Reliable forecasting of Global Horizontal Irradiance (GHI) is essential for mitigating the variability of solar energy in power grids. This study presents a comprehensive benchmark of ten deep learning architectures for short-term (1-hour ahead) GHI time series forecasting in Ho Chi Minh City, leveraging high-resolution NSRDB satellite data (2011-2020) to compare established baselines (e.g. LSTM, TCN) against emerging state-of-the-art architectures, including Transformer, Informer, iTransformer, TSMixer, and Mamba.
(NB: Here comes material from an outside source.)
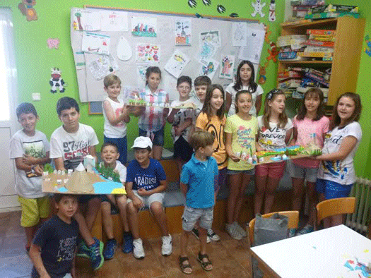 Τέλος τα παιδιά, πάνω σε σκληρό χαρτόνι από «πεταμένα» κουτιά, έφτιαξαν χωρισμένα σε ομάδες, τη χώρα των βιβλίων. Σ’ ένα τριασδιάστατο τοπίο, γεμάτο χρώματα, φυσικά κι αφύσικα, δημιούργησαν εντυπωσιακά βουνά, ποτάμια, δάση και χωριά, που άφησαν κατάπληκτους όλους όσους βρέθηκαν στη βιβλιοθήκη.

Experimental results identify the Transformer as the superior architecture, achieving the highest predictive accuracy with an R^2 of 0.9696. The study further utilizes SHAP analysis to contrast the temporal reasoning of these architectures, revealing that Transformers exhibit a strong "recency bias" focused on immediate atmospheric conditions, whereas Mamba explicitly leverages 24-hour periodic dependencies to inform predictions. Furthermore, we demonstrate that Knowledge Distillation can compress the high-performance Transformer by 23.5% while surprisingly reducing error (MAE: 23.78 W/m^2), offering a proven pathway for deploying sophisticated, low-latency forecasting on resource-constrained edge devices.